When Glenda Aleman Moheeputh, OD, of Hialeah, Florida, was attending a meeting of orthokeratology practitioners, her colleagues seemed skeptical that she could provide ortho-k services in an independent practice inside a
Walmart store. At first, she was, too. But the more she thought about it, the more she liked the idea.
Then she began to see that it was a matter of necessity. “There’s no reason why anyone should be deprived of at least knowing about such a great treatment option. Just because these patients shop in Walmart, should they not have that option? That’s just not fair,” she says.
Dr. Moheeputh’s loyalty to Walmart and Vision Center customers and patients runs deep. When she was attending optometry school at Nova Southeastern University College of Optometry, she knew that she wanted to operate an independent practice located inside a Walmart. She began working for the company in 1999 as a sales associate, and then found her way into the Vision Center, where she became a manager and a licensed optician. She kept that job all through optometry school. She went to work in a New
York practice that specialized in orthokeratology after her 2017 graduation because she had her New York license immediately.
When her Florida license came through, she moved back to Florida. “This is a primary care, family practice, but myopia control is one of my priorities and passions. Anytime that I see a patient who has progressive myopia, I’m going to talk about the range of treatment options: soft contact lenses, eyeglasses and orthokeratology. I’ll emphasize that orthokeratology is the only one of those options
that can slow the advancement of myopia,” she says.
The effort is working. Within months, she had her first patients, and others were setting up appointments. “Even parents with lower incomes are very interested in this option because they don’t want to see their child’s myopia progress the way that theirs did,” she says. “Even if they choose not to pursue the option this year, I’m introducing it and they may change their mind next year. Almost all of them say that they had never heard that this was an option for their child—and that’s not right.”
For now, Dr. Moheeputh, a member of the American Academy of Orthokeratology and Myopia Control, and her office manager are working on spreading the news that the practice enjoys seeing children and that vision and learning are distinctly related. “So many children are misdiagnosed as having learning disabilities or behavioral problems, when the issues might be solved through corrective
eyewear or vision therapy,” she says.
While she does not offer vision therapy, she will explain the benefits to patients and provide a referral to eye care providers who
offer those services.

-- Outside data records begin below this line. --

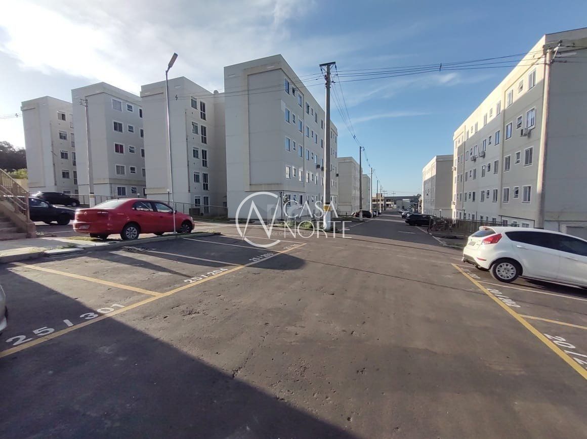 Possui dois dormitórios, living de estar e jantar, banheiro social e área de serviço integradas.
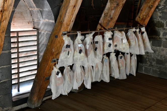 Les jambons Florus Solatium suspendus dans la cathédrale de Saint-Flour (Cantal),en juin 2022. HERVé CHELLé / LA MONTAGNE / MAXPPP C’est un drôle de dossier qui s’est invité sur le bureau de Rachida Dati ces derniers jours. La ministre de la culture va devoir se prononcer sur la question assez baroque des jambons Florus Solatium qui pendent depuis deux ans dans une tour de la cathédrale de Saint-Flour (Cantal). Comme l’a révélé le quotidien régional La Montagne,un représentant régional des architectes des bâtiments de France a récemment demandé leur retrait,en alertant sur plusieurs sujets : selon lui,la graisse du jambon détériorerait l’édifice et poserait des problèmes de sécurité en cas d’incendie.
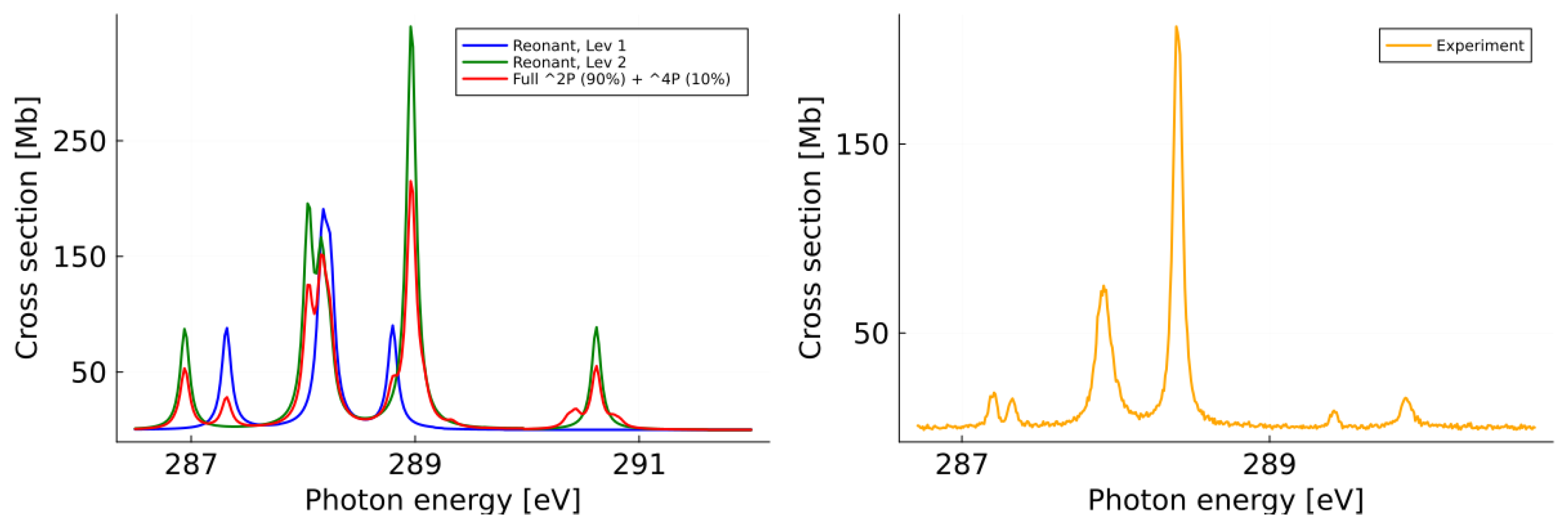 3.1. Photoabsorption of C+ Ions near to Their 1s → 2p Resonances
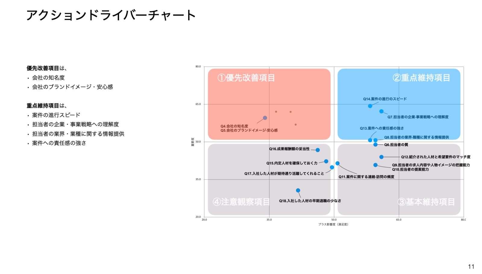 NPS調査は通常カスタマージャーニーに基づいて体験を解き明かし設問をしていきますが、toCとは違いリクルートメントエージェンシービジネスのカスタマージャーニーが特殊であるため、アンケート設計そのものの難易度がとても高かったです。
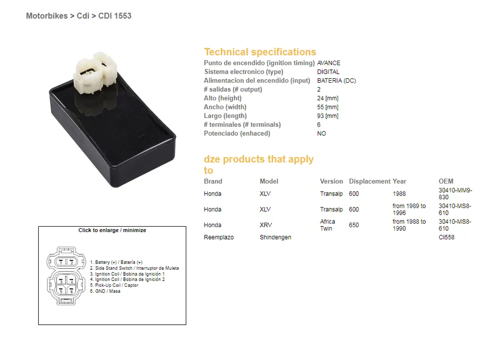 Nejprodávanější DZE jednotka zapalování CDI HONDA XL 600V TRANSALP 89-99; XRV 650 AFRICA TWIN 88-00 (30410-MS8-610)
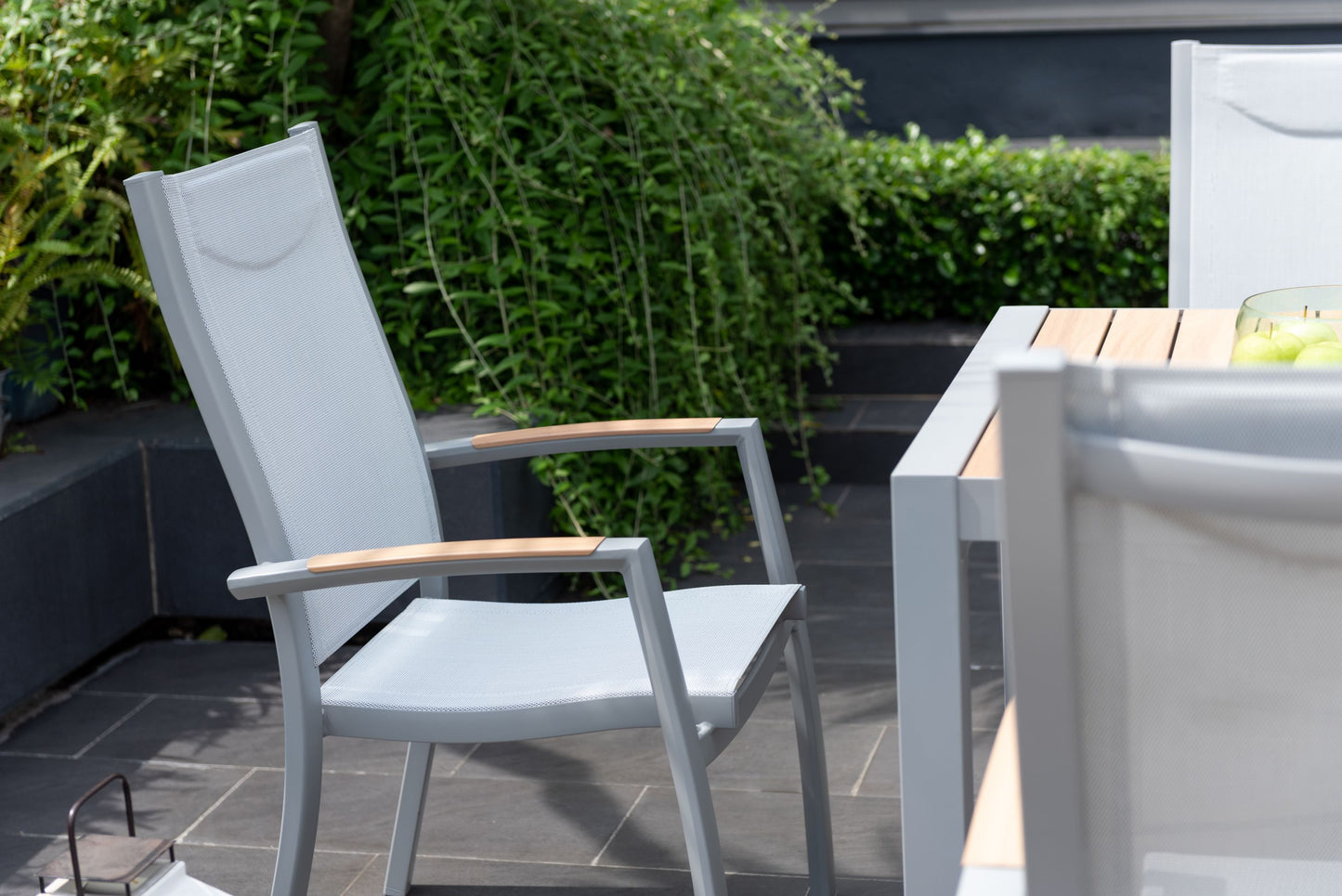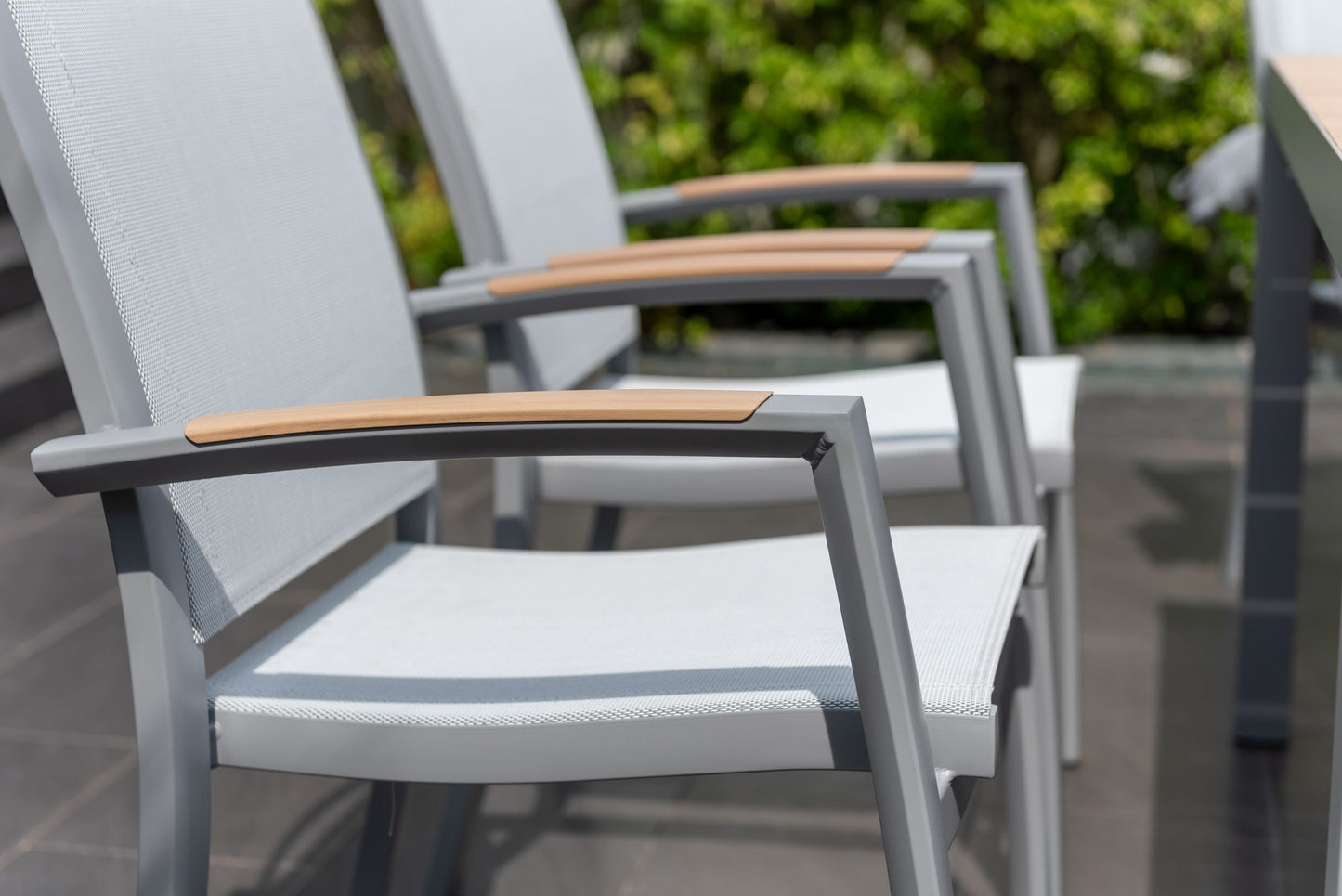 Take your outdoor living to the next level with our Panama stacking armchair, carefully made from aluminium and Weather-net®. Its design is beautifully balanced with a touch of wooden elements in combination with simple style, offering a chair with a comfortable sit that require zero maintenance.
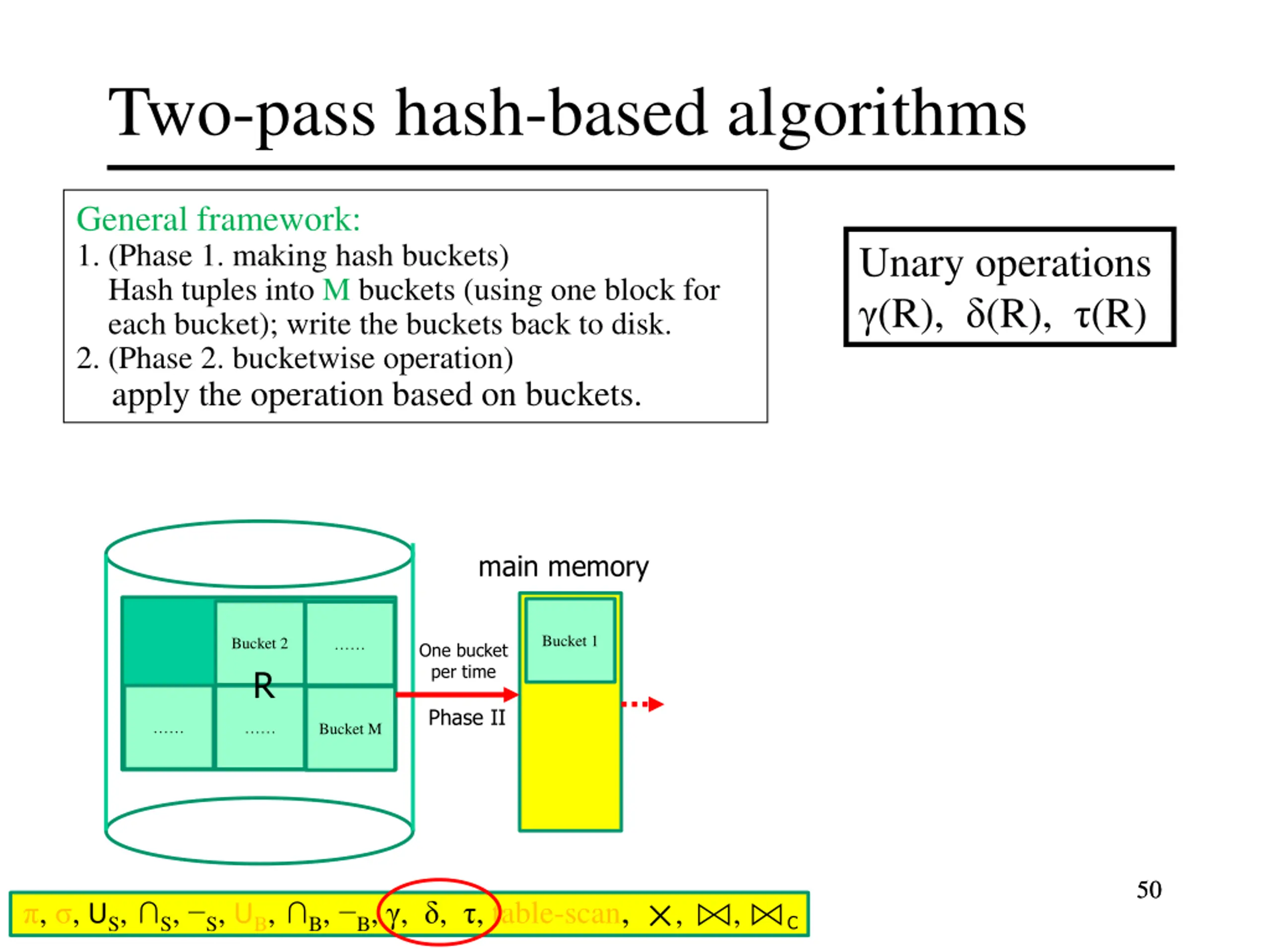 Two-pass hash-based algorithms General framework: 1. (Phase 1. making hash buckets) Hash tuples into M buckets (using one block for each bucket); write the buckets back to disk. 2. (Phase 2. bucketwise operation) apply the operation based on buckets. Unary operations (R), (R), (R) main memory Bucket 1 Bucket 2 R End of phase I Bucket M 49 49 , , US, S, S, UB, B, B, , , , table-scan, , , C

She is also planning to visit pediatricians’ offices, school nurses and parent and teacher organizations
in the region. “One of my new patients brought her three children in after I had seen her, and she was so pleased with the
quality of the exam that she invited us to host an event at the school where she works,” Dr. Moheeputh says.
She’s adamant that young patients and their parents are aware of the important connection between learning and seeing clearly. Instead of wondering whether orthokeratology can be offered in an independent doctor’s office inside Walmart, she wonders why a practitioner would not offer young patients every option to control myopia.